Dopo pranzo, fatti gli auguri alle zie, mi avviai verso la riva del mare, il confidente antico dei miei dolori e delle mie gioie. Come le montagne a Moena e la grande foresta nelle estati di Debrecen.
Soffrivo e cercavo di raccapezzarmi. Certo: la telefonata era stata quella di una nemica che voleva inquietarmi. Rimuginavo cercando una via di uscita. Disprezzavo quella donna che aveva cercato di ingelosirmi, tuttavia avevo paura di perdere la ragazza che mi donava il suo corpo fiorente, saporito, odoroso e mi riempiva di gioia in alcune giornate.
Le mostruosità di quella vigilia di Natale andavano confutate e sconfitte con la forza della delicatezza.
Dovevo imparare a impiegarla sempre durante le crisi. L’alternativa era la guerra con la nemica fino alla distruzione di uno dei due, o di entrambi gli amanti avvinti nella morte.
Giunsi sulla spiaggia dove mi rifugiavo fin da bambino quando la confusione rabbiosa delle persone di casa mi faceva scappare in cerca di quiete. D’estate mi confortavano i sorrisi del sole riflessi e immillati dal tremolare della marina.
Ma quel 24 dicembre il mare in burrasca era battuto da venti contrari tra loro che spingevano ad accavallarsi grandi onde giallastre che poi si rompevano come mucchi di uova marce sul lido coperto di spazzatura e di bestie affogate, prive di vita e di memoria. Quel giorno la confusione sembrava eccessiva. Si sentiva un fragore come di urla gridate dal mare e dal vento. Mi tornavano in mente le tante liti sofferte fin da quando ero bambino: in casa, per strada, a scuola. Era stata maltrattato gran parte della mia persona: “dove i venti soffiano per possente necessità e colpo e contraccolpo e pena su pena ai posa. Dice queste parole la Pizia”. Le avevo lette in Erodoto e mi erano rimaste impresse nell’anima.
Quindi pensai: “travagliosa era mia vita: ed è, né cangia stile”
Trassi una strana consolazione da queste amicizie celesti.
La letteratura mi salvava ancora una volta dalla disperazione.
Un compagno mi scuola poi collega mi accusava di essere ipersensibile fin da quando si era bambini e, lo fa ancora. “Meglio ipersensibile che privo di carità e di bello stile, come sei tu”, gli rispondo ogni volta, sine ira.
La rosa dei vènti.
Il frastuono confuso non mi impedì l’individuazione di soffi diversi abituato come sono fin dall’infanzia a osservare e ascoltare le voci e i segni della natura. Il vento più odioso e deleterio era quello balordo e criminale del luogo comune.
Mi diceva: “Se ammetti che l’ami senza riserve, quella accampa pretese di nozze per portarti via tutto quello che hai”.

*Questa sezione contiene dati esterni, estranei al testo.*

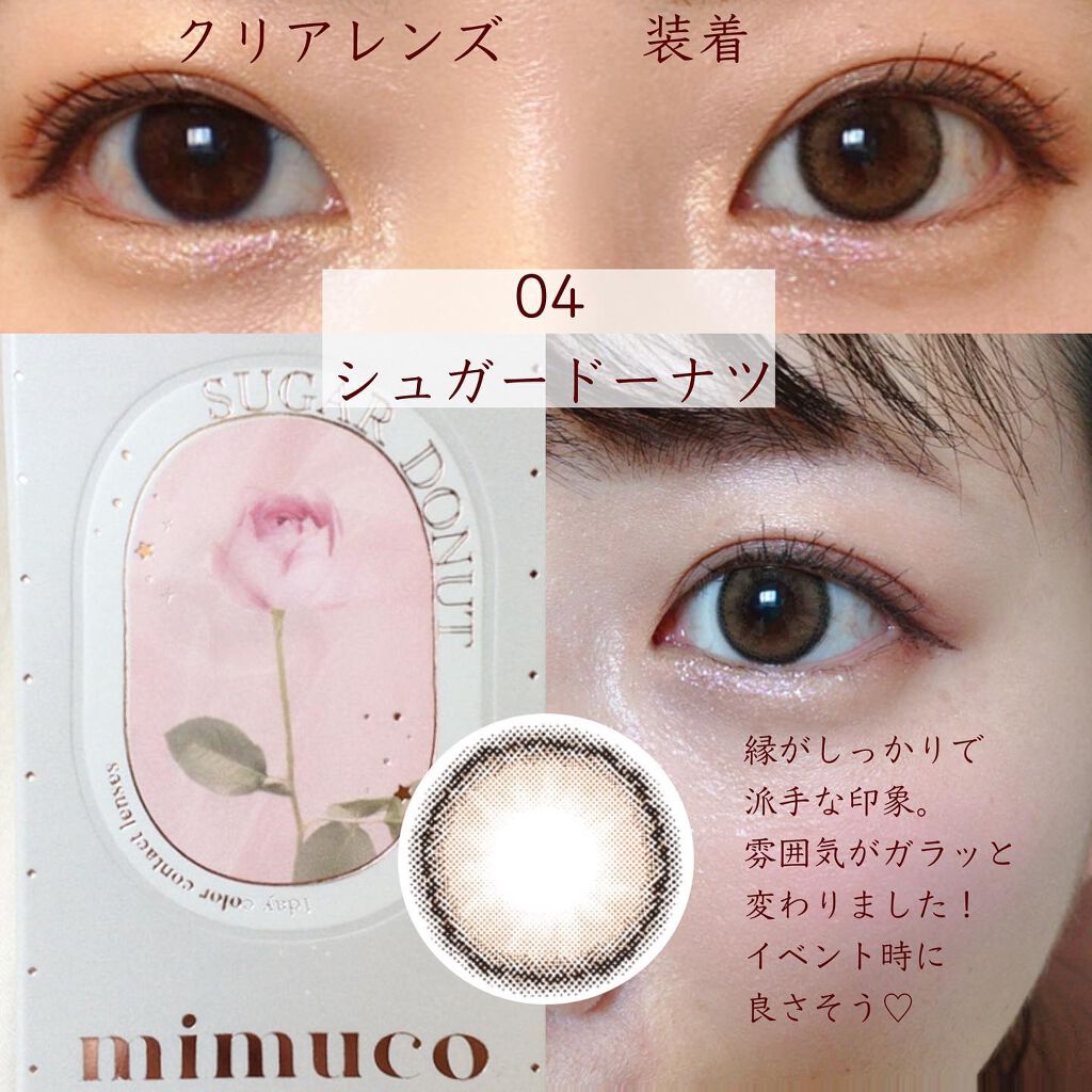 - ※2025年6月以降、商品パッケージ裏面・側面の一部表記を順次変更いたします。尚、これにかかる商品の交換・返品は承っておりません。 裸眼の色が明るい「茶目さん」、暗めな「黒目さん」、どちらの瞳の方が着けても不自然にならずあか抜けるレンズ。 日常使いしやすいブラウンベースのレンズをはじめ、肩ひじ張らずに可愛くなれるナチュラルなレンズとなっております。 ■mimuco ふんわり透明感セット キャラメルスフレ/ブラウンフォンデュ/メープルミルクティー/ポムカヌレ(各2枚入り) ■mimucoちゅるん透明感セット ゼリーグレー/シュガードーナツ/メローストロベリー/ピュレグレージュ(各2枚入り) カラーコンタクトレンズの不適正使用による眼障害の危険性等などがあります。 ●コンタクトレンズは高度管理医療機器です。不十分な洗浄・消毒など不適切なケアや、長時間・交換期間を超えた装用により、アレルギー性結膜炎、角膜感染症、角膜潰瘍等の重篤な眼障害が発生する危険性があります ●ご使用前に取扱説明書を確認してください 使用上の留意事項 ●眼科医院等を受診してからお求めください ●眼に異常を感じたら直ちにレンズ使用を中止し、お近くの眼科等で診察を受けてください ●医師の指示にしたがってご使用ください ●コンタクトレンズを装用する場合、自覚症状がなくても、眼科医院等での定期検査を受けてください ●レンズに不具合がある場合は使用しないでください
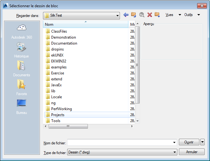Affiche la liste des blocs contenus dans le dessin sélectionné.
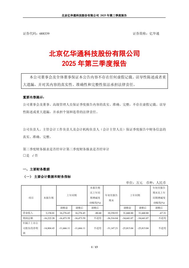 688339-亿华通:亿华通2025年第三季度报告.pdf
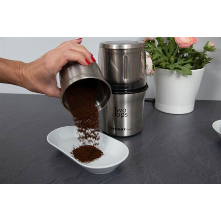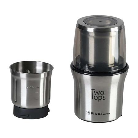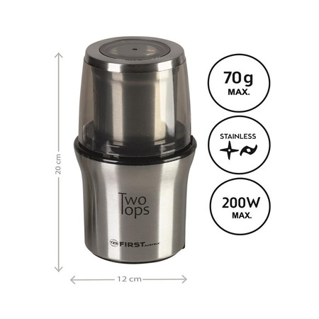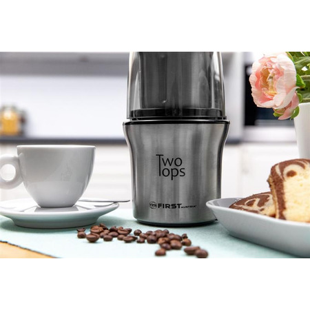Кавомолка First FA 5486 складається з корпусу з електромотором і двох невеликих чаш. Одна з них призначена для помелу кави, інша - для подрібнення продуктів. Молоти трави і спеції в чаші для помелу кави вкрай не бажано, оскільки їхній стійкий присмак буде підмішуватися до аромату кави і зіпсує його. З метою безпеки, кавомолка працює тільки за умови закритої кришки. Кришка виготовлена з прозорого пластику, що дає змогу контролювати процес помелу (подрібнення). Чаша для помелу кави оснащена дволопатевим ножем, а чаша чопера - чотирилопатевим. Ножі виготовлені з високоміцної нержавіючої сталі. Максимальний обсяг помелу - 70г. Цієї кількості достатньо, щоб приготувати 7-10 порцій еспресо. На нижній частині кавомолки розміщені прогумовані ніжки та відсік для намотування мережевого шнура. Ніжки забезпечують стійке положення приладу на гладкій поверхні столу або стільниці.

“Ma io sono studente e povero!” ribattevo ricordando il Duca seduttore di Gilda.
“Sì ma quella è uno squalo e sa che presto o tardi erediterai della roba. Va dicendo in giro che la tua casa di Bologna è già sua. Poi ne verranno altre due qui a Pesaro e della terra per giunta, a Tavullia e Montegridolfo, e sarà tutta roba di lei. Scialacquerà poi ti lascerà. Dunque non ammettere mai che l’ami, che le vuoi bene, che hai buoni sentimenti per lei: questo si ritorcerebbe contro di te. Tiella a distanza con aria superciliosa, sprezzante, se vuoi che ti rispetti; non attribuirle mai importanza, falle capire che dovrebbe quasi darti del lei, data la distanza di educazione e di stile tra voi due. Che stia al suo posto l’improba avventuriera, la consumata volpe, se non vuoi che occupi e usurpi il tuo eremo di uomo studioso! ”
Da altre parti della rosa dei vènti però giungevano soffi dalle voci diverse e mi rimescolavano il sangue.
Uno era l’uragano della grande passione per Ifigenia la giovane femmina bella, prosperosa mai sazia, mai stucchevole, né annoiata, né noiosa almeno quando si faceva l’amore; un altro era l’alito dolce del tenero affetto per la ragazza che avrei voluto educare quale figlia adottiva, il terzo era il fiato velenoso del sospetto più putrido delle pantegane immonde allineate a marcire lì sulla riva; era il risentimento per la telefonata terroristica che mi aveva reso più geloso di Otello, più pazzo di Aiace, più torturato di Prometeo sulla rupe scitica. Tornai a casa per leggere parole consolatòrie in un mio libro buono.